Open mOmUcf opened 5 years ago
Hi, thanks for your interests at first. I may write the wrong number but I cannot remember it precisely. It is also possible we obtain different thresholds under difference pre-processing strategies. Generally, both 10 and 20 are good enough to filter out noise, so I think 10 is ok in your settings.
If this number really matters, maybe you can check the minimum occurrence of features in my processed Avazu dataset, which can be found in README, where the low-frequency categories have already been dropped.
If this number is verified to be 10, I will update this paper on arxiv. Thanks!

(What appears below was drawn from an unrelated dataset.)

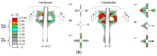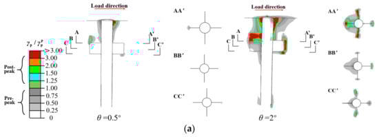 The effect of scour on soil–pile interaction can be further explained by the evolution of the plastic zone in dense sand. In Figure 10, indicates that the soil is in the post-peak region; conversely, the soil is in the pre-peak region when this condition is not met. As shown in Figure 10a, the soil in front of the pile head first enters the post-peak softening zone (θ = 0.5°) and gradually evolves downward with increasing rotation (θ = 2°). The plastic zone around the wing is mainly gathered above the rear wing and ahead of the front wing (θ = 2°). However, in Figure 10b, a large volume of soil is in the post-peak softening stage when the pile head displacement is small (θ = 0.5°). Nearly all of the soil around the wings enters the plastic zone after the formation of the local scour hole (θ = 2°), suggesting that the soil resistance mobilized by the wings acts as the main force to resist pile deformation. The γp above the front wing develops to the post-peak softening stage with pile rotation.
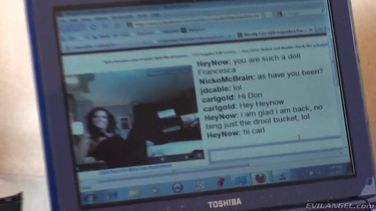 Glamorous American Latina MILF legend Francesca Le is in her hotel doing a live cam show for some fans. Busty supermodel Veronica Avluv shows up late, and decides to make up for her tardiness as Francesca's husband, Mark Wood, films the action. In no time, Francesca is worshiping the brunette bombshell's big knockers; the ladies take turns slurping on each other's slippery twat. Francesca buzzes the tall beauty's sweet pussy with a vibrating massager while Veronica squirms. Then both sluts suck Mark's big boner and ride him until he delivers a load of gooey cum for a passionate lesbian kiss.

Im sorry i do not reply in time, and here are the code and output while i use your data interface:https://github.com/Atomu2014/Ads-RecSys-Datasets
import numpy as np
import pandas as pd
from datasets import Avazu
ava = Avazu()
ava.load_data('train')
ava.load_data('test')
df_avazu = pd.DataFrame(np.vstack([ava.X_train,ava.X_test]) , columns=ava.feat_names)
for field in ava.feat_names:
field_cnt = field+'_cnt'
gbdf = df_avazu.groupby(field).size().reset_index().rename(columns={0: field_cnt})
min_freq = gbdf.sort_values(field_cnt)[field_cnt].values[0]
print(f"{field}'s minimum feature frequence is {min_freq}")
and the outputs are as follow (ignoring the dataloading infomation):
C1's minimum feature frequence is 5787
banner_pos's minimum feature frequence is 2035
site_id's minimum feature frequence is 10
site_domain's minimum feature frequence is 10
site_category's minimum feature frequence is 10
app_id's minimum feature frequence is 10
app_domain's minimum feature frequence is 10
app_category's minimum feature frequence is 16
device_id's minimum feature frequence is 10
device_ip's minimum feature frequence is 10
device_model's minimum feature frequence is 10
device_type's minimum feature frequence is 31
device_conn_type's minimum feature frequence is 42890
C14's minimum feature frequence is 10
C15's minimum feature frequence is 1621
C16's minimum feature frequence is 1621
C17's minimum feature frequence is 12
C18's minimum feature frequence is 2719623
C19's minimum feature frequence is 10
C20's minimum feature frequence is 23
C21's minimum feature frequence is 497
mday's minimum feature frequence is 3225010
hour's minimum feature frequence is 818771
wday's minimum feature frequence is 3225010
Thanks a lot! I will fix it later!
' Product-based Neural Networks for User Response Prediction over Multi-field Categorical Data' (TOIS'17)
In section 5.1.1Datasets of this paper, there says "We randomly split the public dataset into training and test sets at 4:1, and remove categories appearing less than 20 times to reduce dimensionality.", but when i preprocessing the raw avazu dataset by my self, i found that if #categories=6*10^5 in avazu dataset, the threshold need to be 10 , not 20. when i use a threshold 20, #categories< 4*10^5
Is it an incorrect threshold number in section 5.1.1 ?